§ **TASK DIRECTIONS**
The expected output is an exact copy of each line from the line with "The blades were" through the end of the data below, with no pictures in it.
BEGIN PROVIDED DATA
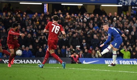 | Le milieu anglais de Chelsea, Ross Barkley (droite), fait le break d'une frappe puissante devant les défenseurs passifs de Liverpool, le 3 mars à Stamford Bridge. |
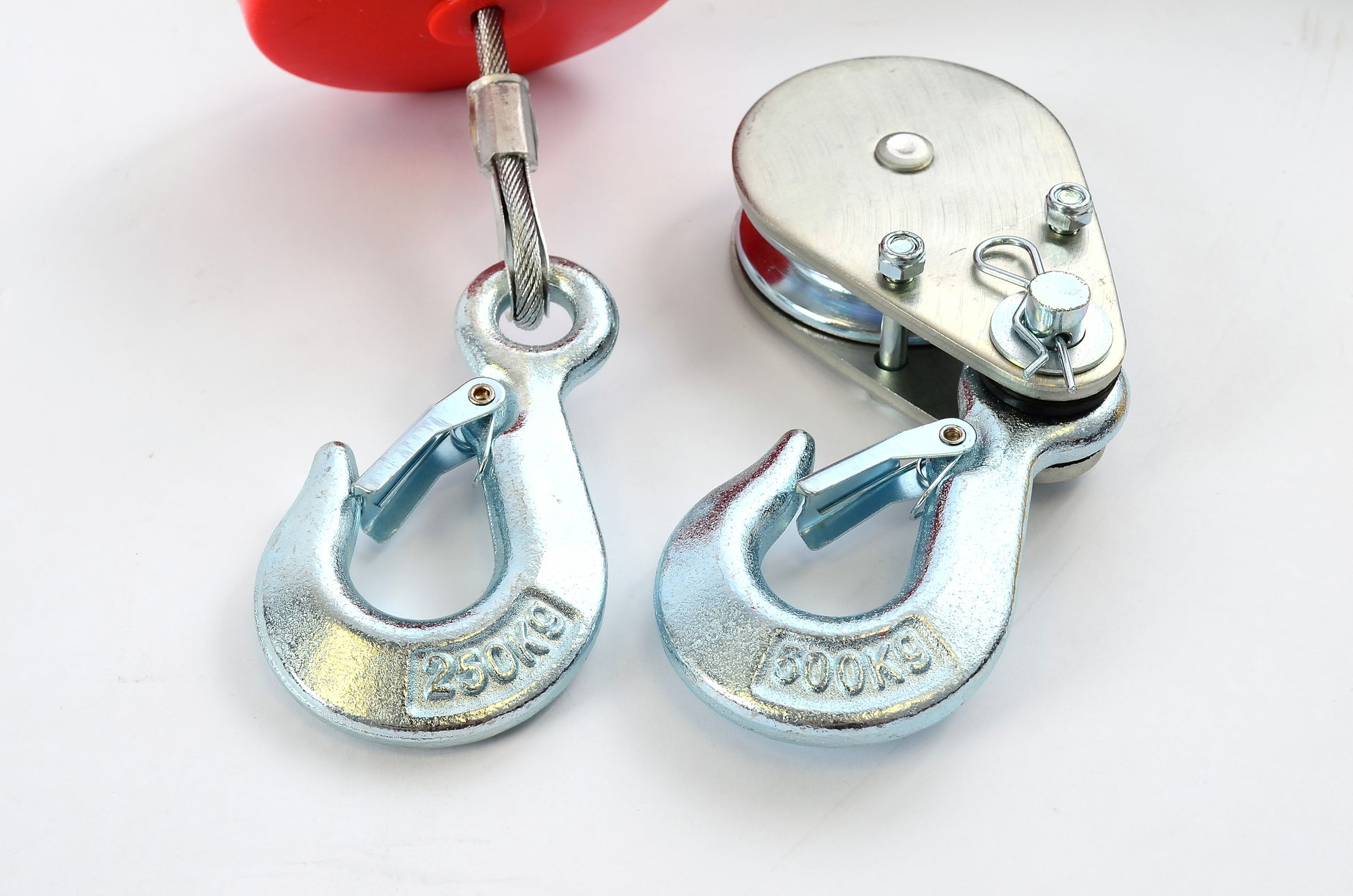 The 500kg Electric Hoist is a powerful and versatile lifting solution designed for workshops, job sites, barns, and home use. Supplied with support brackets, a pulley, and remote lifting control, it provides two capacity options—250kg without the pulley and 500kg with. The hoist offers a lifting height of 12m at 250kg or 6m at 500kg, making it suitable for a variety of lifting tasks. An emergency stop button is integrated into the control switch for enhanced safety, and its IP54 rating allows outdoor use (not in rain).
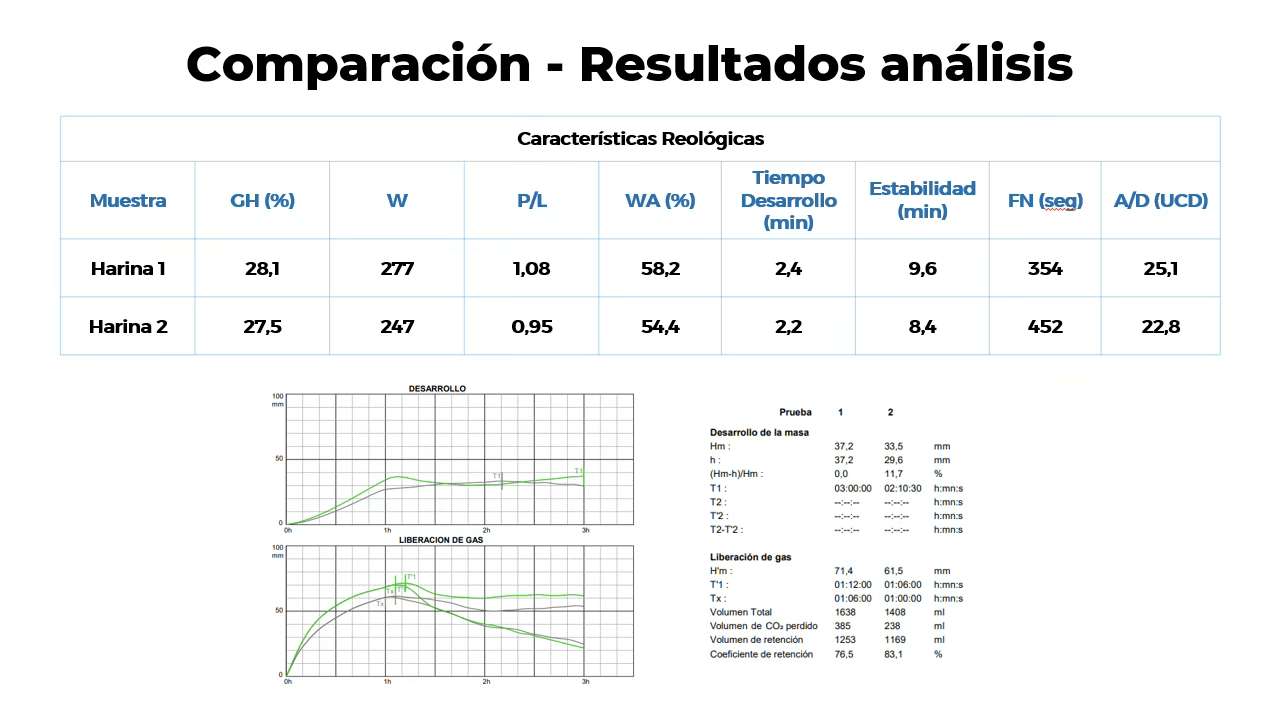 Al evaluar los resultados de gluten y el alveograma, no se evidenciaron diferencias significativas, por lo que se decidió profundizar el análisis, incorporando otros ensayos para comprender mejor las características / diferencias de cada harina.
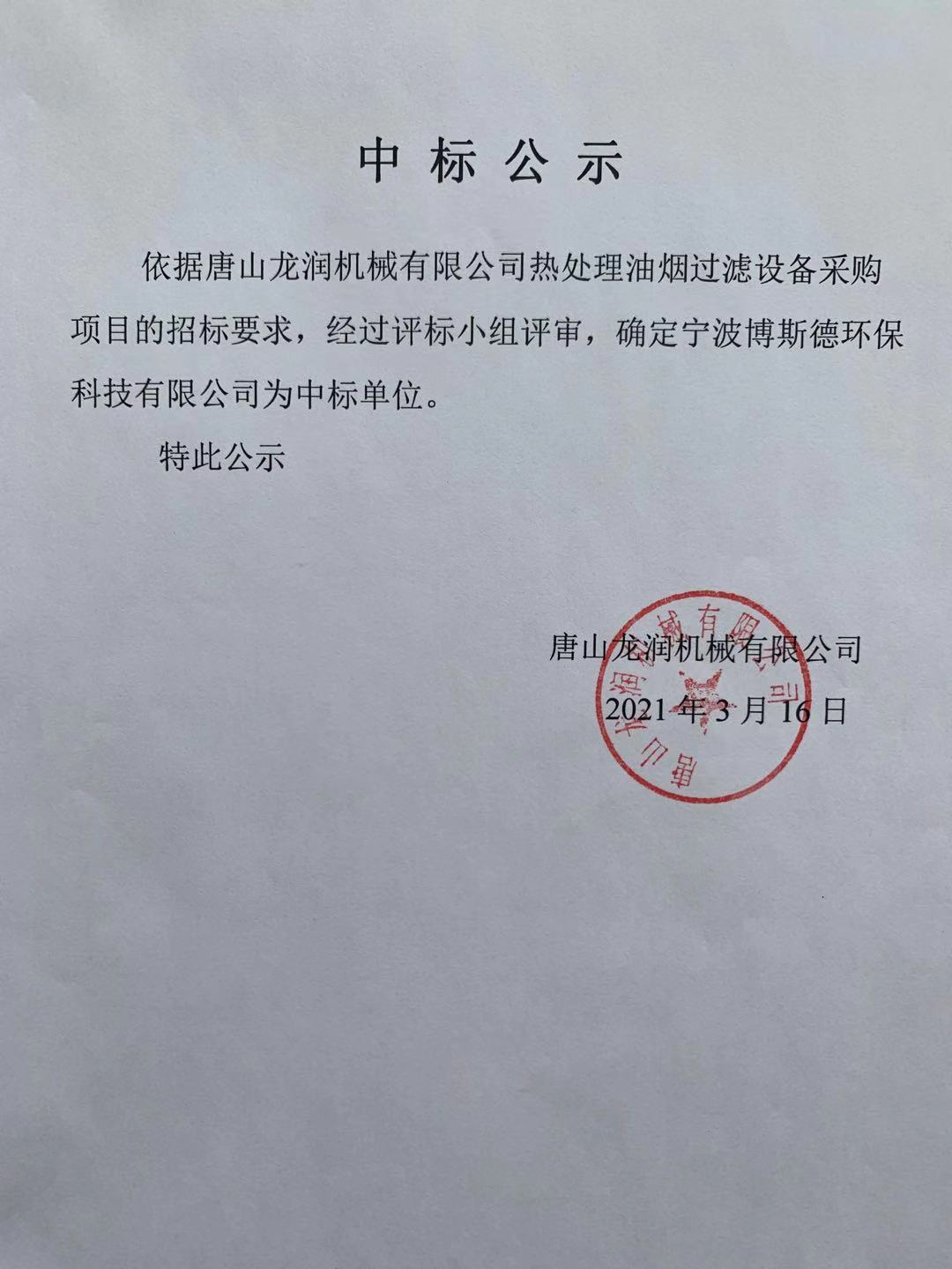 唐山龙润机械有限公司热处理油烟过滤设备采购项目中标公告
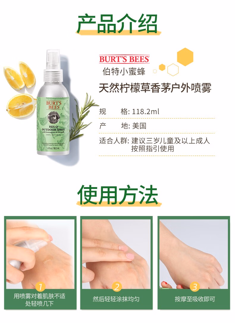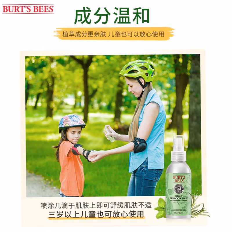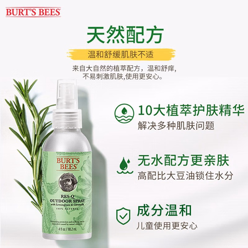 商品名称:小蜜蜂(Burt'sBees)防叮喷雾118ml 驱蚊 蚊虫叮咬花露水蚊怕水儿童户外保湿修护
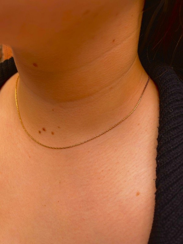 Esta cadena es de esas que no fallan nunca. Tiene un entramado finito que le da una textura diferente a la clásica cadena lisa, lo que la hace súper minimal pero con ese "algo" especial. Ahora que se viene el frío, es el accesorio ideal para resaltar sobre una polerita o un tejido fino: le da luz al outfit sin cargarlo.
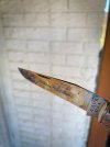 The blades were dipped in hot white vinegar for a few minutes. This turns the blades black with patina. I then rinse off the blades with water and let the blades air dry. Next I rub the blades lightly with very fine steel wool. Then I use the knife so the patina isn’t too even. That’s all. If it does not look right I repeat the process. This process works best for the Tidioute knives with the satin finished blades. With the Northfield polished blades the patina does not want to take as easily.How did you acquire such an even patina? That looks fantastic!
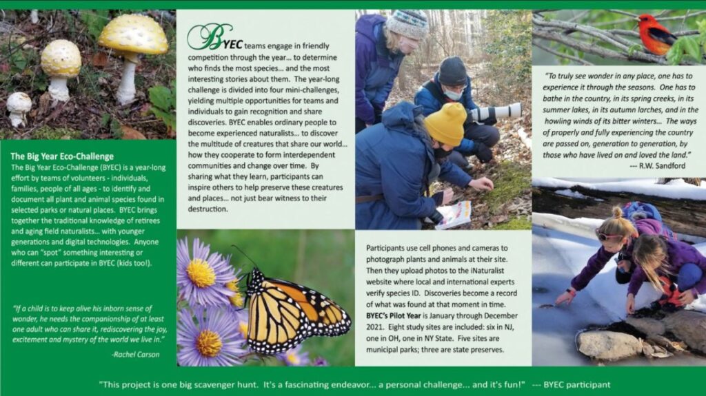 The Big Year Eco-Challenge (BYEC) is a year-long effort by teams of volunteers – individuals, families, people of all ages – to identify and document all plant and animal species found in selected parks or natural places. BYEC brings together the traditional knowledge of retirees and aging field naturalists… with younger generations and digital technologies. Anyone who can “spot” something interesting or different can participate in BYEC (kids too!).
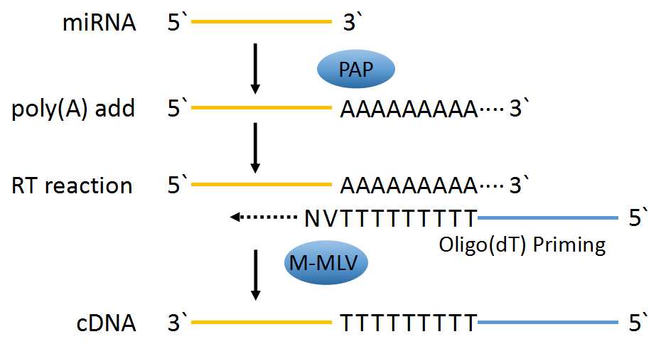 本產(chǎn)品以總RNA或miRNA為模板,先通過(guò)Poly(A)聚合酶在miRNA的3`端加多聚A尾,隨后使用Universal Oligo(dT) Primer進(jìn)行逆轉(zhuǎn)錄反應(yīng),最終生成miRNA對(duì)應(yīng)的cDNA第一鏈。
END PROVIDED DATA
§ **TASK RESULT**
 The blades were dipped in hot white vinegar for a few minutes. This turns the blades black with patina. I then rinse off the blades with water and let the blades air dry. Next I rub the blades lightly with very fine steel wool. Then I use the knife so the patina isn’t too even. That’s all. If it does not look right I repeat the process. This process works best for the Tidioute knives with the satin finished blades. With the Northfield polished blades the patina does not want to take as easily.How did you acquire such an even patina? That looks fantastic!
 The Big Year Eco-Challenge (BYEC) is a year-long effort by teams of volunteers – individuals, families, people of all ages – to identify and document all plant and animal species found in selected parks or natural places. BYEC brings together the traditional knowledge of retirees and aging field naturalists… with younger generations and digital technologies. Anyone who can “spot” something interesting or different can participate in BYEC (kids too!).
 本產(chǎn)品以總RNA或miRNA為模板,先通過(guò)Poly(A)聚合酶在miRNA的3`端加多聚A尾,隨后使用Universal Oligo(dT) Primer進(jìn)行逆轉(zhuǎn)錄反應(yīng),最終生成miRNA對(duì)應(yīng)的cDNA第一鏈。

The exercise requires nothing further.